Wednesday, February 26, 2014

Jodorowsky's Dune Ties To Giger's Panasonic Commercial


As though something possessed me, I needed to show a friend Giger's Japanese Panasonic Commercial. Immediately after, I showed the same friend the trailer for the upcoming documentary Jodorowsky's Dune. These two very different videos were connected. How did a Japanese commercial for a sound system connect to an un-produced sci-fi film?

Let's start with some back story. The artist H.R. Giger is best known for creating the design from Alien/s and the xenomorph itself. You can thank him for both the disgust and lust you have for the oddly erotic creature. Alejandro Jodorowsky is a eclectic director known for his bizarre and outlandish work that can be found mostly in the Criterion Collection. Watch Holy Mountain, it's the one film where Jesus eating himself makes the most sense ... for films in that criteria.

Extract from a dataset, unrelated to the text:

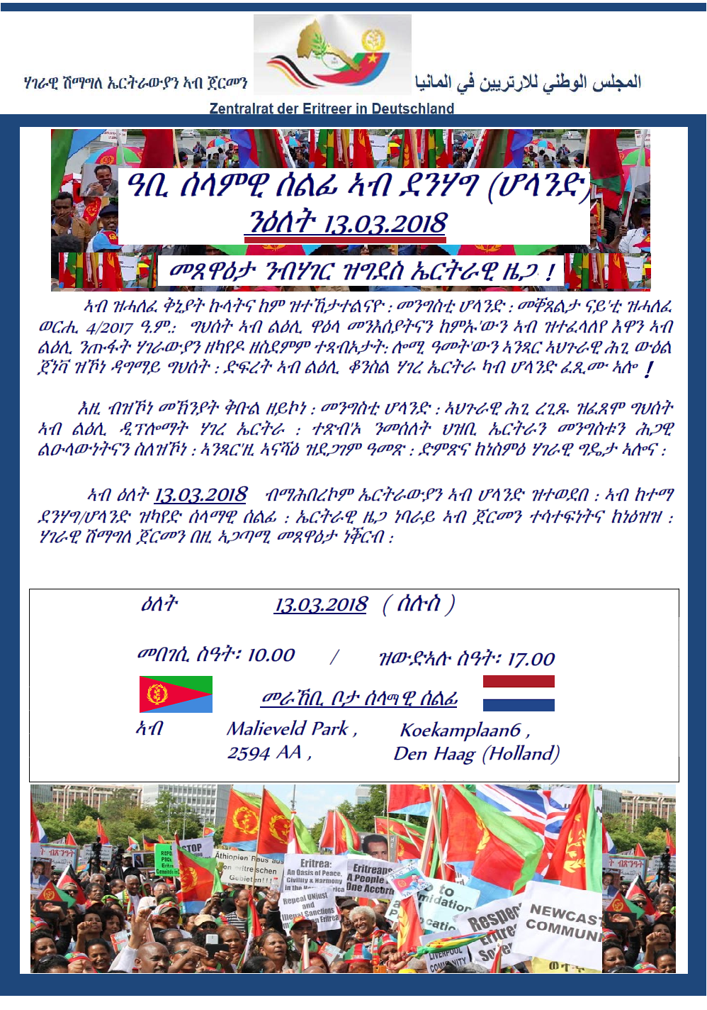 መጸዋዕታ ንብሃገር ዝግደስ ኤርትራዊ ዜጋ ! ዓቢ ሰላምዊ ሰልፊ ኣብ ደንሃግ (ሆላንድ) ንዕለት 13.03.2018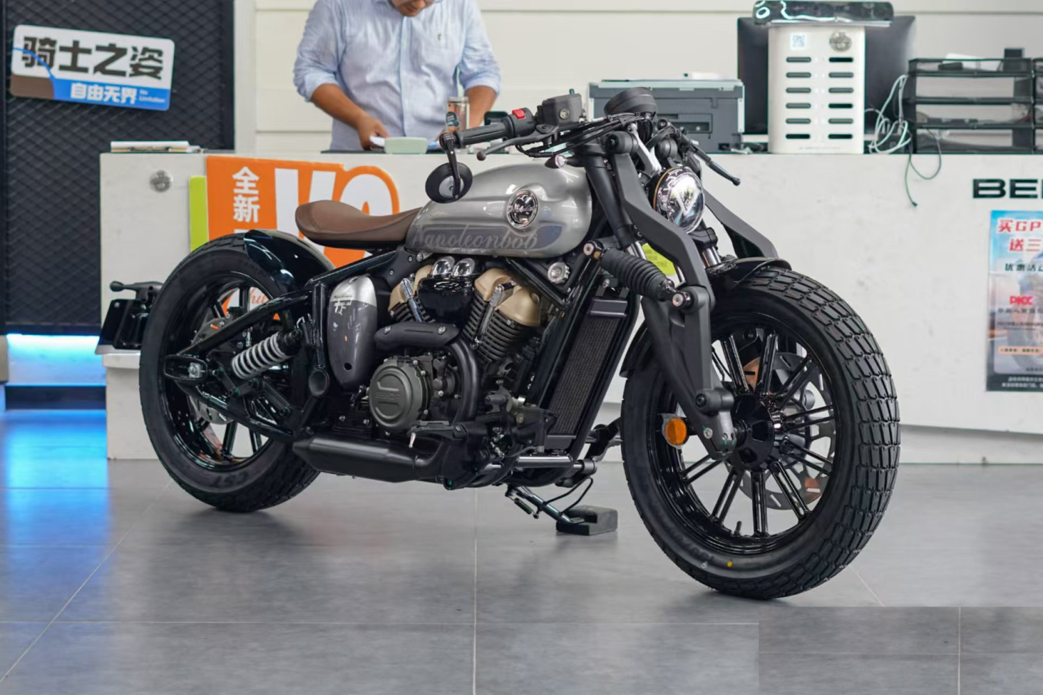 Fourche avant et absorption des chocs : elle adopte une conception de fourche avant inversée. La partie ressort absorbant les chocs est enveloppée dans une gaine en cuir de style rétro. Les parties métalliques sont traitées avec un revêtement antirouille, ce qui lui donne un aspect épais et une excellente texture. , donnant aux gens une sensation de volume qui dépasse le modèle de la classe 250cc. Le disque de frein avant est énorme, atteignant 4,5 mm, équipé d'un système ABS et d'étriers de marque propre.

As the upcoming doc reveals in the trailer above, H.R. Giger worked on the unproduced Dune, but it seems he took his designs with him and possibly the model he created of a hideous moving palace and used them in a Japanese commercial for Panasonic for a new sound system at the time when the film fell through.

Why Panasonic chose such strange imagery is not known, you would have to ask the marketing of the time, which was 1985 and in Japan. The music playing for the ZONE Panasonic system commercial is also representative of the National Anthem, which begs more questions.

Jodorowsky's Dune will be out March 21 for consumption.